Posted on • Originally published at autosearch.dev

LlamaIndex Deep Research Integration

LlamaIndex Deep Research Integration

The long-tail keyword for this guide is LlamaIndex deep research integration. The usual problem is that a LlamaIndex app has strong private or curated indexes, but a user asks a question that depends on current external evidence. AutoSearch can fill that gap by providing MCP-native deep research across 40 channels, including 10+ Chinese sources, while LlamaIndex keeps responsibility for indexing and synthesis.

This is not a replacement for your existing indexes. It is an enrichment pattern.

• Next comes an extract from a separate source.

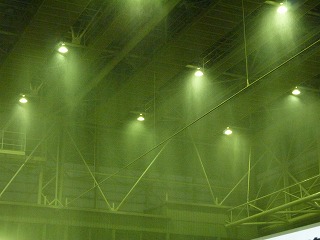 大型降雨実験施設では、実際に散水の様子を見せていただきました。この散水装置は世界最大の規模・能力を有し、毎時15〜200mmの雨を降らせることができるそうです。実際散水を目にすると迫力があり、また現実の降雨と何ら変わらない印象を受けました。

When an answer needs public docs, GitHub activity, social discussion, papers, or Chinese platform signals, AutoSearch can collect those materials before the LlamaIndex workflow generates a response.

Index limits

Indexes are only as current and broad as their ingestion pipeline. A vector index of internal docs will not know about yesterday's GitHub issue, a new WeChat article, or a Bilibili tutorial unless you ingest it. For many deep research questions, live source discovery is more appropriate than permanent ingestion.

AutoSearch helps by retrieving source material at query time. The agent or app can then decide whether to answer immediately, store the result, or schedule later ingestion.

External discovery

Use AutoSearch when the question names a source ecosystem. "What are developers saying about this SDK?" calls for GitHub, Reddit, Hacker News, and docs. "How is this product perceived in China?" calls for Xiaohongshu, Weibo, Zhihu, WeChat, and Bilibili. The channels page is the routing map.

Because AutoSearch is LLM-decoupled, LlamaIndex can keep using the model and retriever strategy you already selected. AutoSearch only supplies additional evidence.

Retriever pattern

One practical pattern is to create a research step before the normal response step. The app asks AutoSearch for channel-specific results, converts them into nodes or documents with metadata, and passes them to LlamaIndex for synthesis. Metadata should preserve URL, channel, date if available, language, and source type.

The MCP setup path is useful if your host can call tools directly. For custom applications, use the same conceptual boundary: external research first, answer generation second.

Metadata matters

Do not strip source context. A Weibo post, GitHub issue, paper abstract, and official doc page should not become identical text chunks. The model needs to know the evidence class. That is especially important with Chinese sources, where platform context affects interpretation.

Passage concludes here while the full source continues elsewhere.